Stan Jurd

Personal information
- Full name: Stanley Plunket Jurd
- Born: 22 November 1958 (age 67) Moree, New South Wales, Australia

Playing information
- Position: Prop
Club
| Years | Team | Pld | T | G | FG | P |
| 1981–82 | North Sydney Bears | 35 | 0 | 0 | 0 | 0 |
| 1983–87 | Parramatta Eels | 89 | 6 | 0 | 0 | 24 |
|  | Total | 124 | 6 | 0 | 0 | 24 |
Representative
| Years | Team | Pld | T | G | FG | P |
| 1983 | New South Wales | 2 | 0 | 0 | 0 | 0 |
- Source:

= Stan Jurd =

Australian rugby league footballer

Stan Jurd (born 22 November 1958), also known by the nickname of "Plunket", is an Australian former professional rugby league footballer who played in the 1980s. He played for the North Sydney Bears and Parramatta Eels in the New South Wales Rugby League (NSWRL) competition. Jurd primarily played in the front-row.

==Playing career==
Jurd was born and grew up in Moree. After high school he moved to the ACT region, playing for the Queanbeyan Blues before joining North Sydney and then moving to Parramatta in 1983.
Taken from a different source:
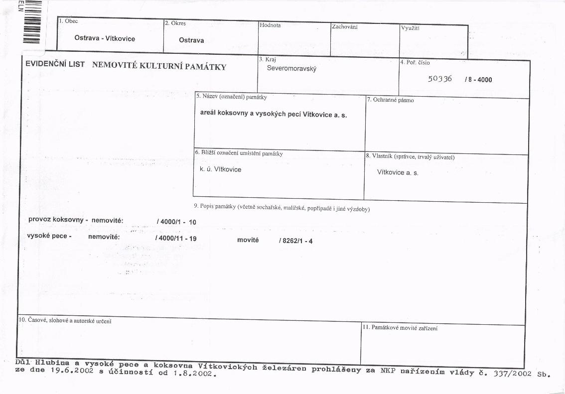 | Přír. bod: 67175 | Název objektu: vysoká pec č. 1 | Část obce: Vítkovice | Č. dom.: | Ulice: | Č. or.: | Kat. území: Vítkovice | Obec: Ostrava | ORP: Ostrava | Okres: Ostrava-město |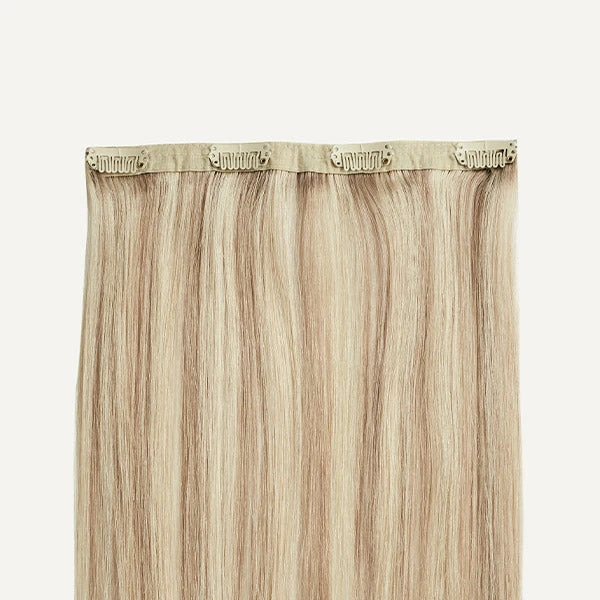 The Beige Blonde Volumizer Weft is an individual 4-clip weft perfect for adding more volume to your existing Luxy Hair set. A dimensional neutral blonde shade with subtle ash blonde lowlights, it’s Dimensional Cream Blonde’s lighter sister. Formerly known as Beige Blonde.

Jurd played two seasons at the North Sydney Bears between 1981 and 1982. He then joined Parramatta Eels for five seasons between 1983 and 1987, including winning the 1983 premiership with them. He was selected to represent New South Wales for games II and III of the 1983 State of Origin series. Injuries plagued the rest of his career until his retirement.